• DATA
|---|
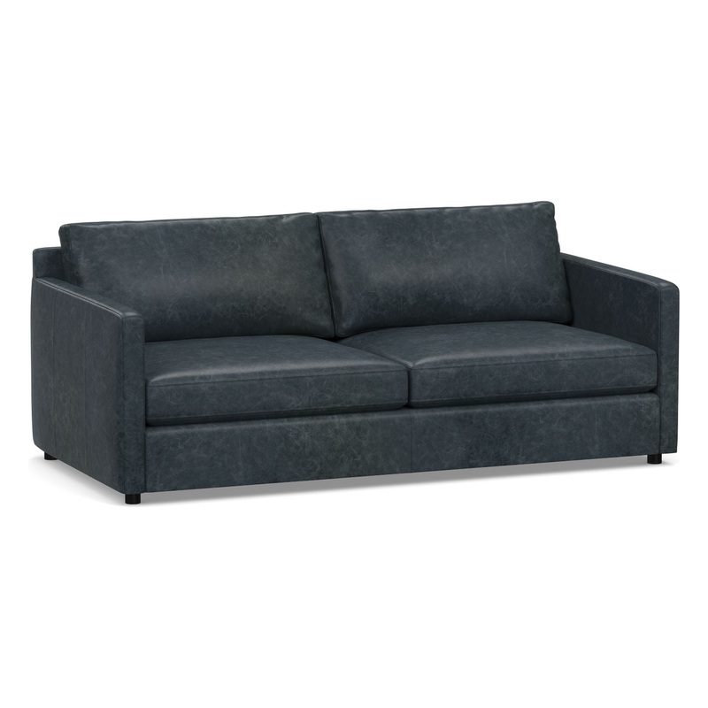 CONSTRUCTIONSquare arm.Round removable legs have a black finish.Polyester-wrapped cushions for a firmer feel.No-sag steel sinuous springs provide cushion support.Loose cushions.Corner block, kiln-dried engineered wood frame provides exceptional structural integrity.Kiln-dried wood helps prevent warping, splitting, cracking and developing mildew.QUALITYTop-grain leather, aniline-dyed. Leather will lighten and soften with both use and time and develop a rich patina.Leather is a natural product. Variation in color and texture are inherent to each hide; no two pieces are exactly alike.Imported.CARENever use detergents, polishes, preservers or saddle soap. They can remove natural oils.Dust or vacuum for routine maintenance.Do not place in direct sunlight; it will lighten or discolor leather over time.If spills occur, immediately soak up any liquids with an absorbent cloth and allow to air dry. Thorough cleaning by a leather specialist only.Most surface scratches will fade over time if you rub them with your fingertips. Friction and heat from rubbing helps to redistribute wax in surrounding areas to cover the scratch. Not all scratches have the same depth, and this may not work on deeper scratches.Our leather upholstered products are constructed from semi-aniline leather. The full-grain or top-grain leathers are soaked in transparent dye, with no subsequent pigmented finish coats applied. Dye penetrates the hides, letting the natural grain show through.Semi-anilines have natural markings that vary from hide to hide. They also have color variations due to the leathers ability to accept dyes differently in various areas of a hide. Markings and shading distinguish genuine leather from man-made materials. Appreciating shade differences among hides also means appreciating them on individual furniture pieces, because no two pieces can be produced from a single hide.Learning to care for your leather prolongs the life of your furniture, see our Leather Care Card.ASSEMBLYWhite Glove Service: Items are delivered to your room of choice by appointment, then unpacked and fully assembled by a skilled two-person team. Includes packaging removal and recycling. Fee varies by location and order total.To ensure this piece is the right fit, see our How To Measure Guide. If you need help, our Design Crew is happy to answer any questions virtually or in your home. Book an appointment.
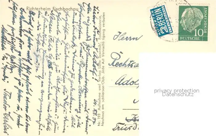 Fischbachau Richterheim Fischbachau postalisch gelaufen 1954 Erhaltung siehe scans [FriedD77] Frierer
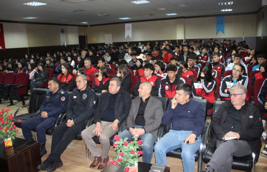 Antalya'nın Kumluca ilçesinde Cumhuriyet Başsavcısı İlker Çağatay Aydın tarafından öğrencilere yönelik IBAN dolandırıcılığı, cep telefonu ve sosyal medya üzerinden yapılan dolandırıcılıklar hakkında bilgi verildi.
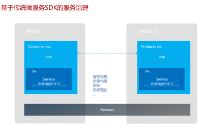 原理就是提供了开发的SDK或者说叫框架,这些框架都是内置了一些解决微服务问题的方案,比如服务发现,负载均衡,服务的熔断和降级,以及调用链路的埋点,动态路由这些事情。
|---|
Each line from the one containing "Antalya'nın Kumluca ilçesinde" to the final line of the data must be printed exactly, both included, with nothing else and no pictures.

 Antalya'nın Kumluca ilçesinde Cumhuriyet Başsavcısı İlker Çağatay Aydın tarafından öğrencilere yönelik IBAN dolandırıcılığı, cep telefonu ve sosyal medya üzerinden yapılan dolandırıcılıklar hakkında bilgi verildi.
 原理就是提供了开发的SDK或者说叫框架,这些框架都是内置了一些解决微服务问题的方案,比如服务发现,负载均衡,服务的熔断和降级,以及调用链路的埋点,动态路由这些事情。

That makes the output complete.